Every line from the one with "Balení obsahuje: exkluzivní" up to and including the one with "根据样本特征进行排序,然后基于分位数进行划分,并统计三个桶内的 G,H 值,最终求解节点划分的增益。" is to be output exactly as it appears below; pictures are not.

(Recorded data)
►

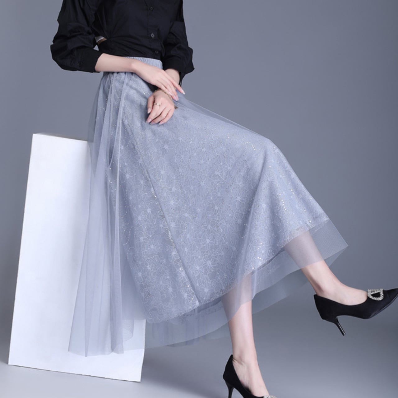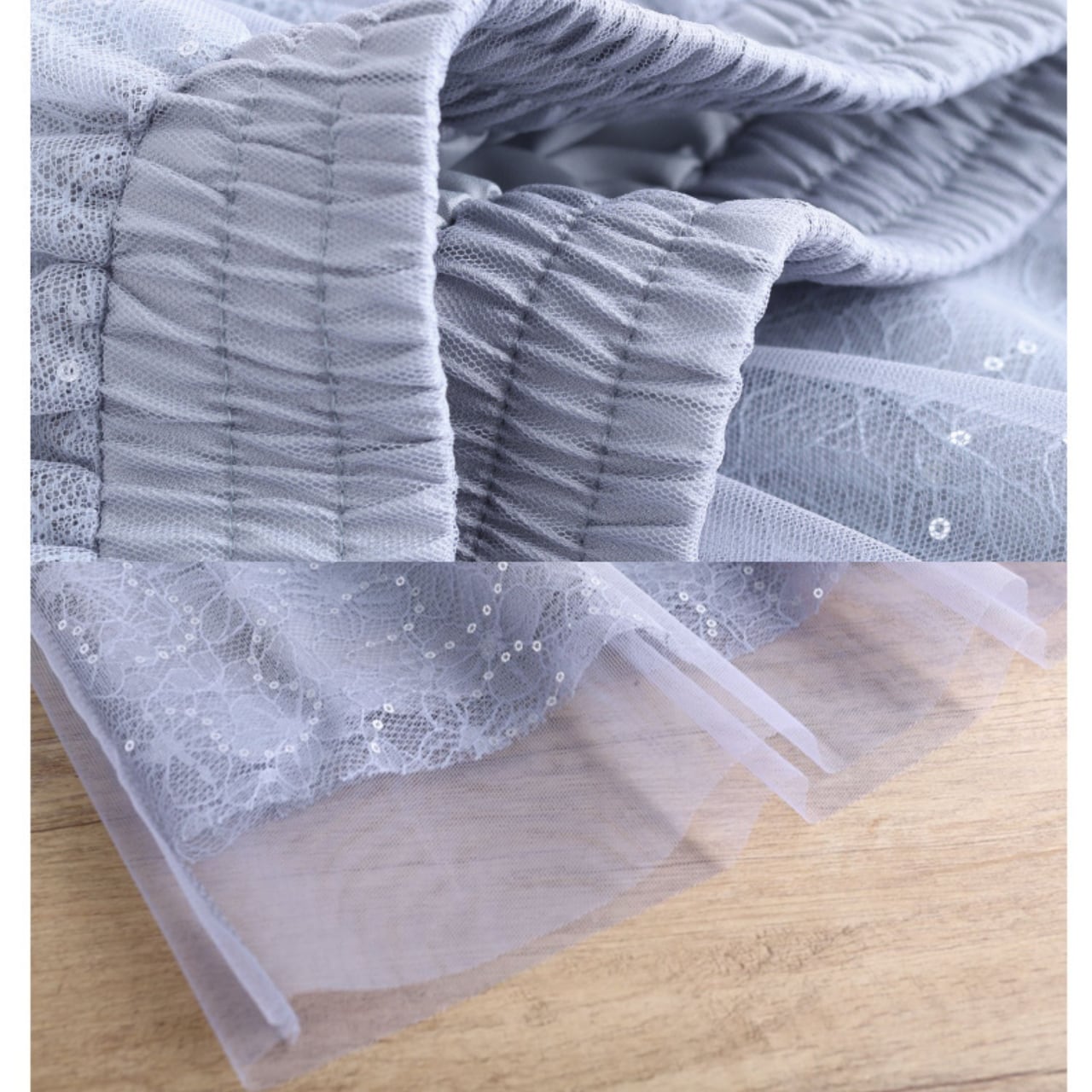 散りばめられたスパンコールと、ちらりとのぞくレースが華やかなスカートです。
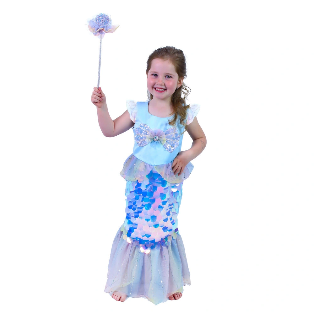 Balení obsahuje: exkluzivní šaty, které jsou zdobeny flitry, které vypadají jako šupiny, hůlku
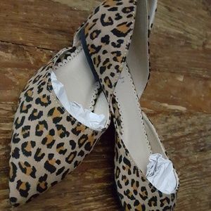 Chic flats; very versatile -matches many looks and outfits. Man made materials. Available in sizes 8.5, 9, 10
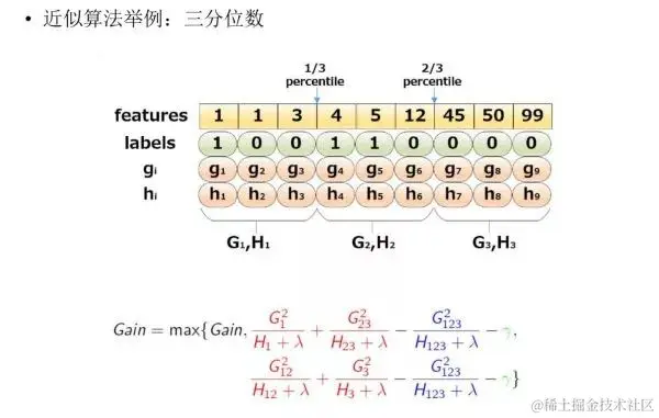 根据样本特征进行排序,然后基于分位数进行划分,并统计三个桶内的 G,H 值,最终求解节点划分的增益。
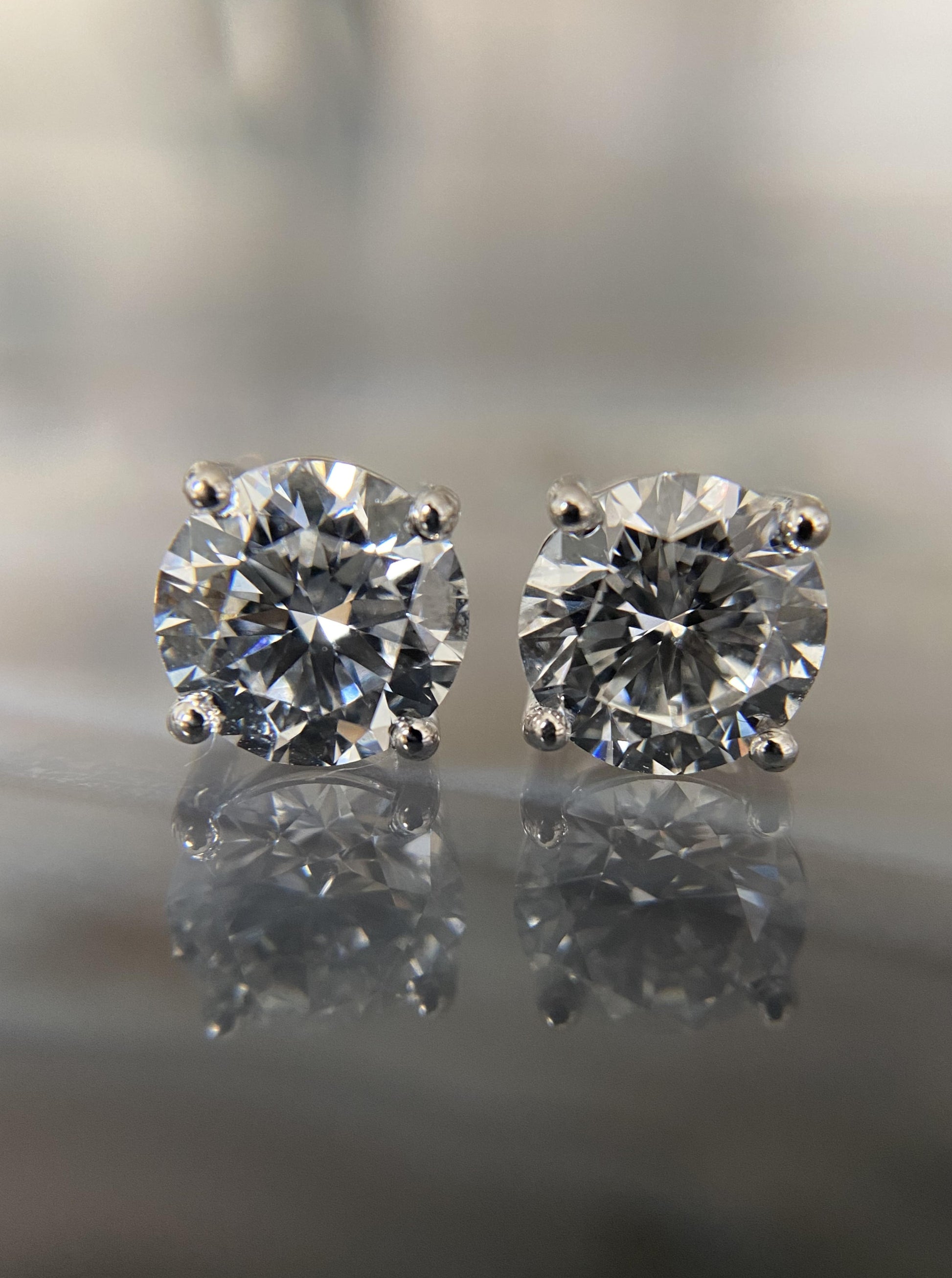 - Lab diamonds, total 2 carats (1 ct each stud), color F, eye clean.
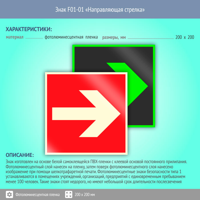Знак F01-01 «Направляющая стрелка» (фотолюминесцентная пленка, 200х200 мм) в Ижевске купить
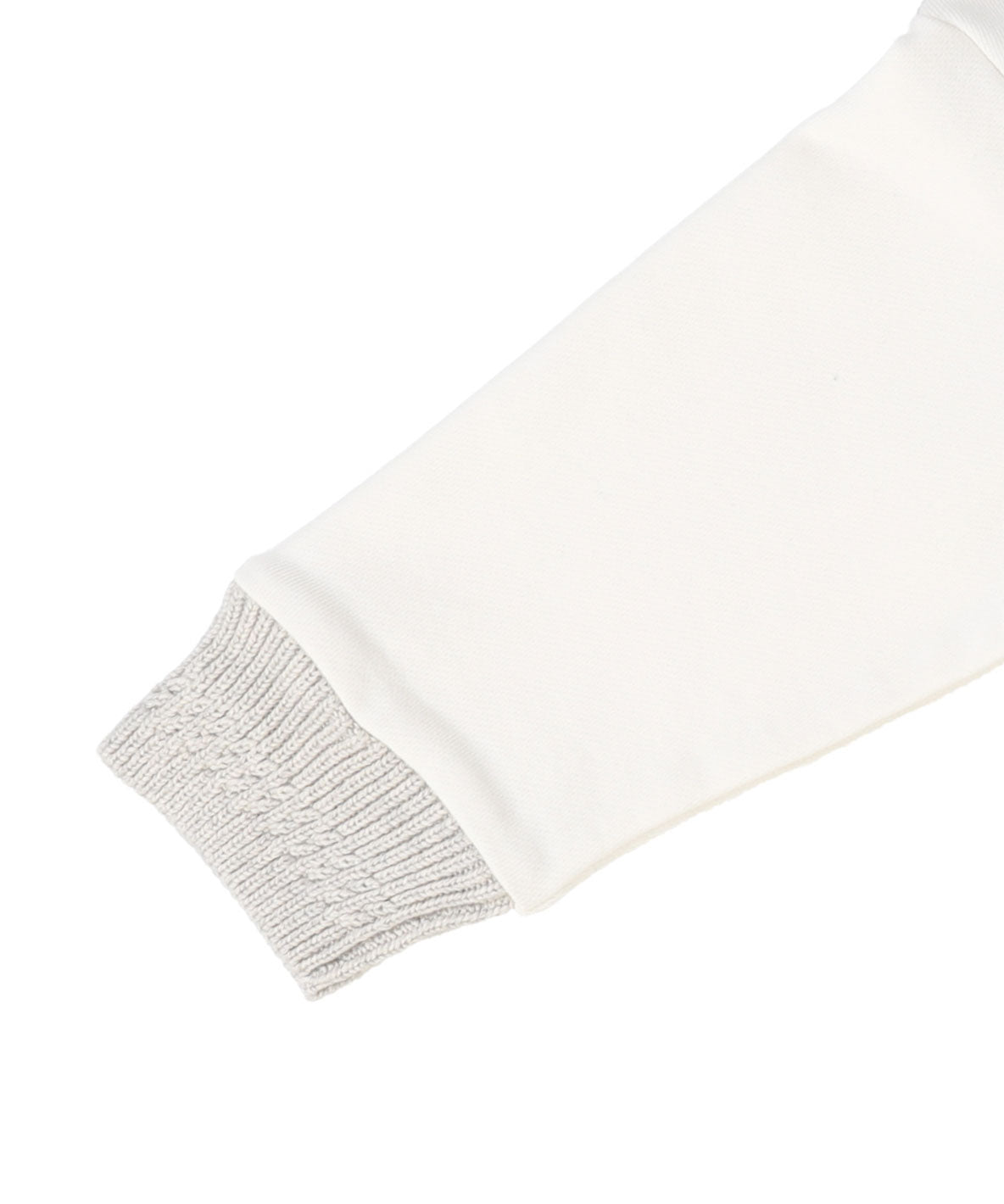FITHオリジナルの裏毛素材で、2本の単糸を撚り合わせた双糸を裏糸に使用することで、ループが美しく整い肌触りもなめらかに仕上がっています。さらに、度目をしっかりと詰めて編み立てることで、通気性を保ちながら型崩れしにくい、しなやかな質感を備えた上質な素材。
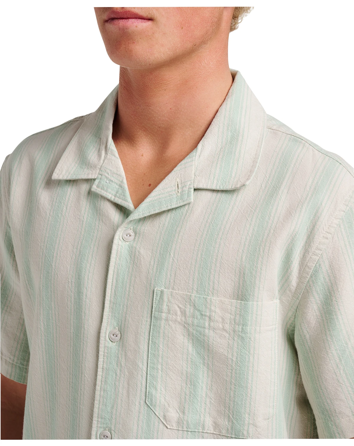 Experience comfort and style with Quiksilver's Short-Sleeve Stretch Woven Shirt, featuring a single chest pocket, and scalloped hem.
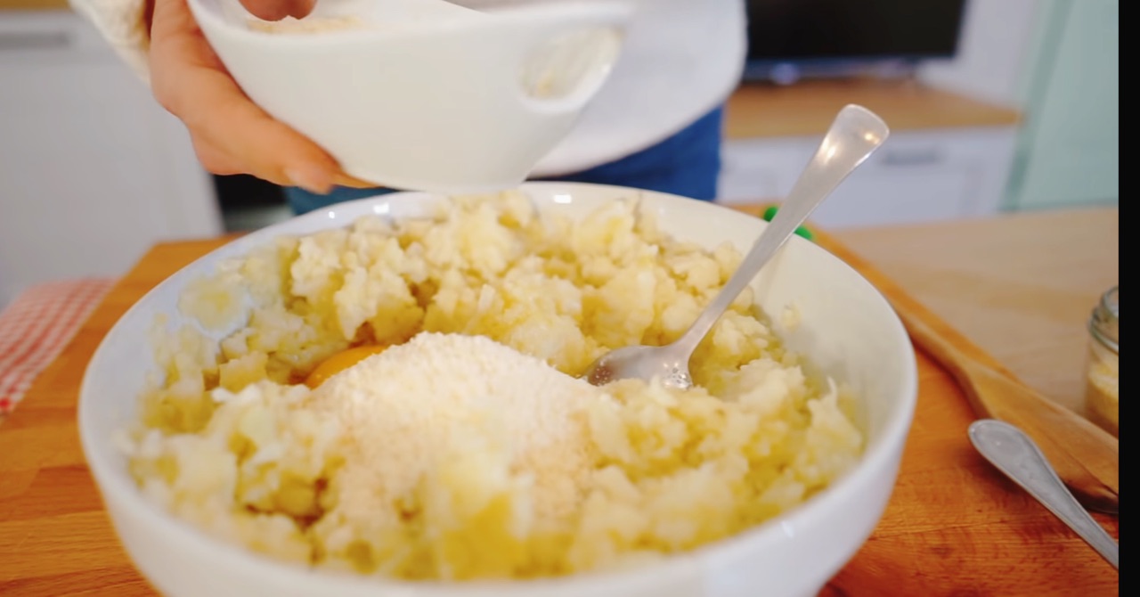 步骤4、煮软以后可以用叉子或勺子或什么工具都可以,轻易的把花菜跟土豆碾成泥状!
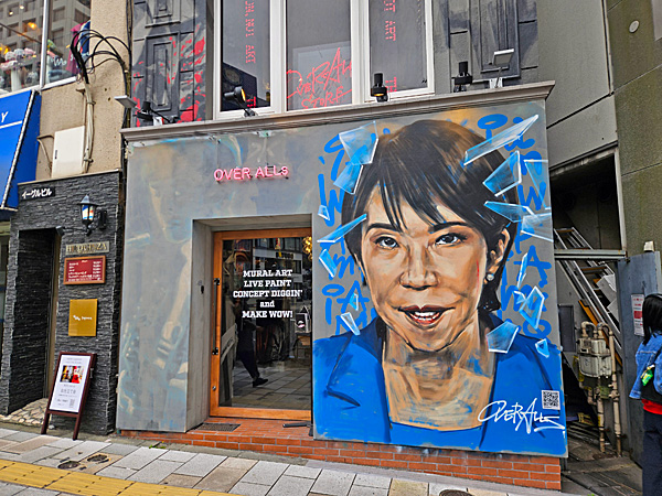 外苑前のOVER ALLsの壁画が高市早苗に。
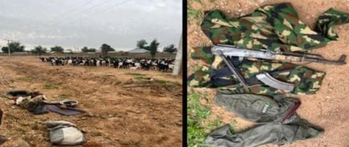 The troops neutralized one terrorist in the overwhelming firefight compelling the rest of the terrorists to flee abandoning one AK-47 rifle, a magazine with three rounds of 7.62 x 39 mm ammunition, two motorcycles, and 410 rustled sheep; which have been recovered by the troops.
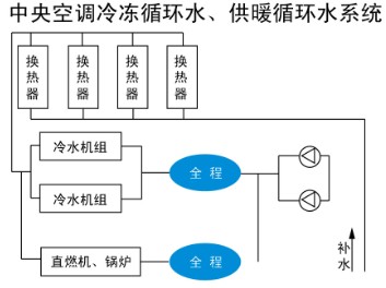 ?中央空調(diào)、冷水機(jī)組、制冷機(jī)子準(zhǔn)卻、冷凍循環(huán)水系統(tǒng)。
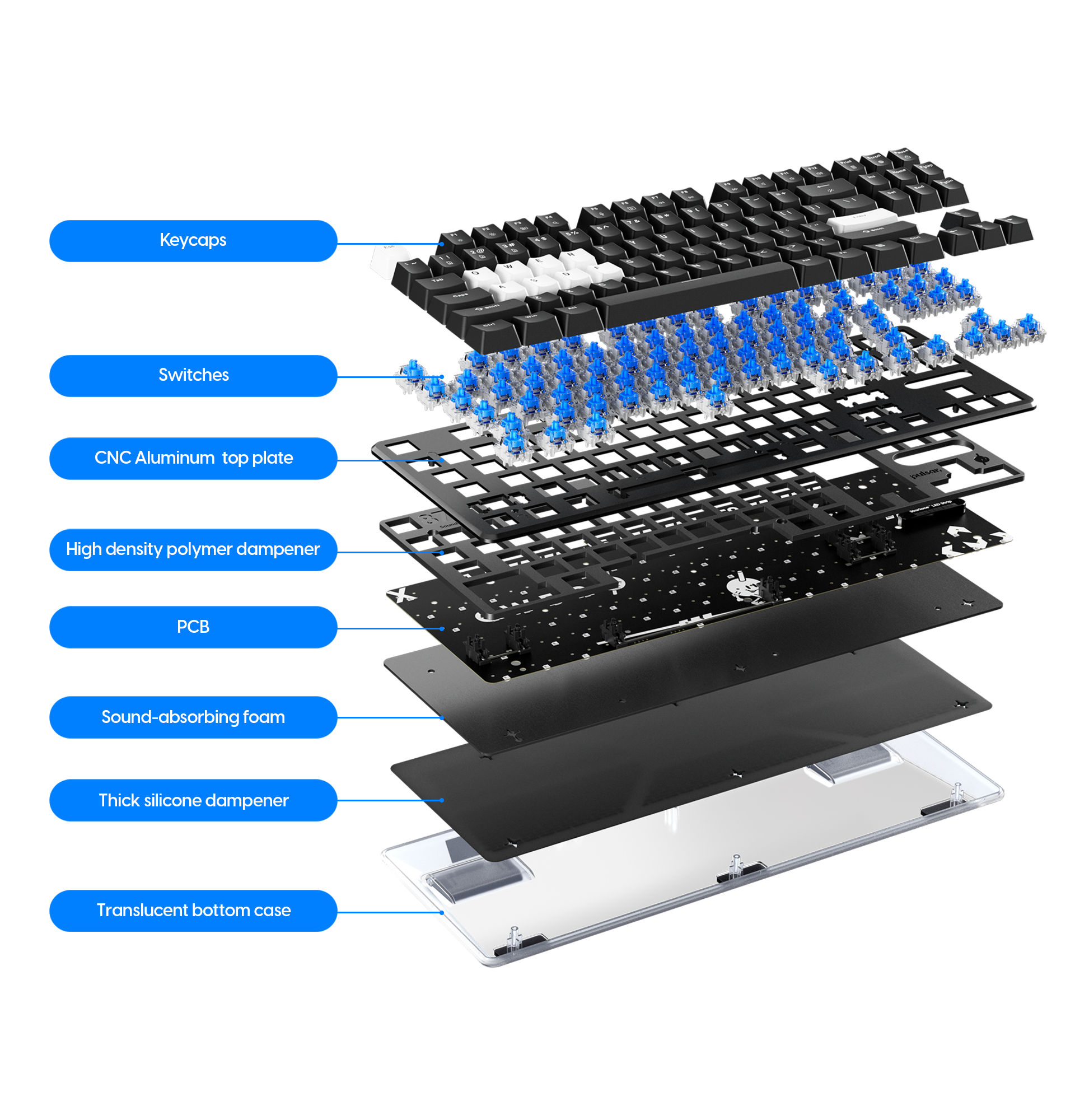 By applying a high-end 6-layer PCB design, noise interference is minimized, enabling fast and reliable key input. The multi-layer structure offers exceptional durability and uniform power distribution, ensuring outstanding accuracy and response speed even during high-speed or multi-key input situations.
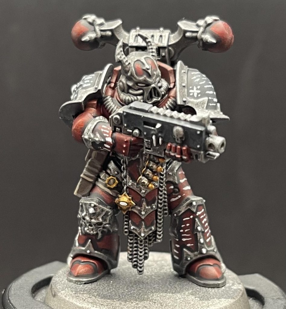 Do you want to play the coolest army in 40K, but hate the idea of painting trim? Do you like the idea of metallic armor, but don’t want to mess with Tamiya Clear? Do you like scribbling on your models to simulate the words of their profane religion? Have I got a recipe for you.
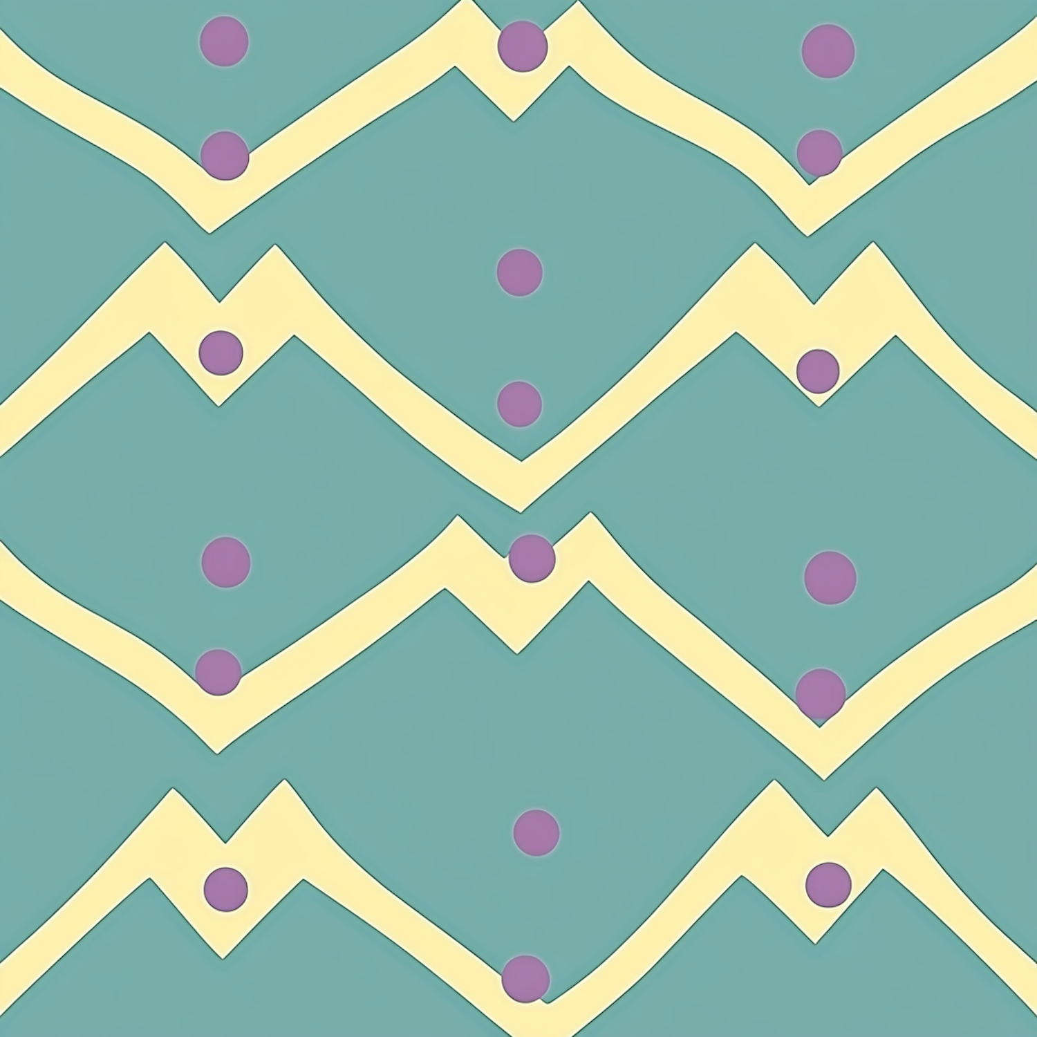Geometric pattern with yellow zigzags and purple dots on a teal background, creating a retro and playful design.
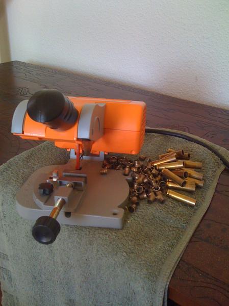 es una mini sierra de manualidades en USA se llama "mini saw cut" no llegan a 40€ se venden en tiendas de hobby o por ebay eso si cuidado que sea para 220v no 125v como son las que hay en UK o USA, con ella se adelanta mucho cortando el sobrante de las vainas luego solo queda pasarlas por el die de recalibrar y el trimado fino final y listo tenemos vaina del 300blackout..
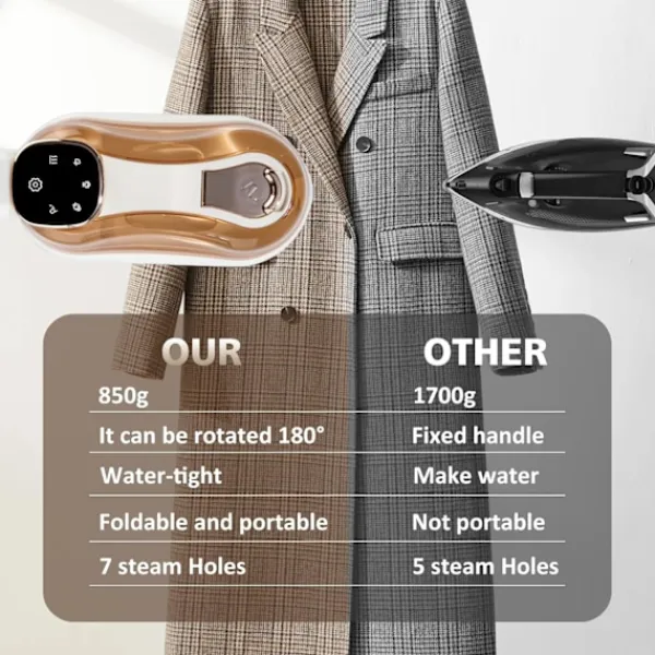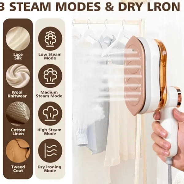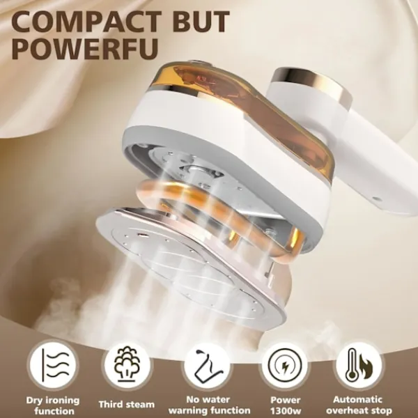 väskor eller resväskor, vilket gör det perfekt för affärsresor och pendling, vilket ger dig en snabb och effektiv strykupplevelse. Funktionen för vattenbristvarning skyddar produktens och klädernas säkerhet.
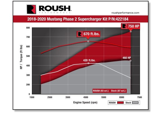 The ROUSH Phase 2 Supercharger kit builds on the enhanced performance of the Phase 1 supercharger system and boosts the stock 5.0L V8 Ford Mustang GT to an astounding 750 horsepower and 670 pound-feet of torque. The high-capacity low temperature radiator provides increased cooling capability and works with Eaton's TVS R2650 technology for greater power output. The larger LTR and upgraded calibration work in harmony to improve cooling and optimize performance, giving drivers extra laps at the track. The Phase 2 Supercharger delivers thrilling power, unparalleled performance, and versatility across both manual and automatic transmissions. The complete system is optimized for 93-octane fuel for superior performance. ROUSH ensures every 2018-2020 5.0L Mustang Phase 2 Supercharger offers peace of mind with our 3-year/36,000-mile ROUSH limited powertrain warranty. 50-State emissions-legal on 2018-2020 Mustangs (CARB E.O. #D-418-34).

◄

### [Result]
 Balení obsahuje: exkluzivní šaty, které jsou zdobeny flitry, které vypadají jako šupiny, hůlku
 Chic flats; very versatile -matches many looks and outfits. Man made materials. Available in sizes 8.5, 9, 10
 根据样本特征进行排序,然后基于分位数进行划分,并统计三个桶内的 G,H 值,最终求解节点划分的增益。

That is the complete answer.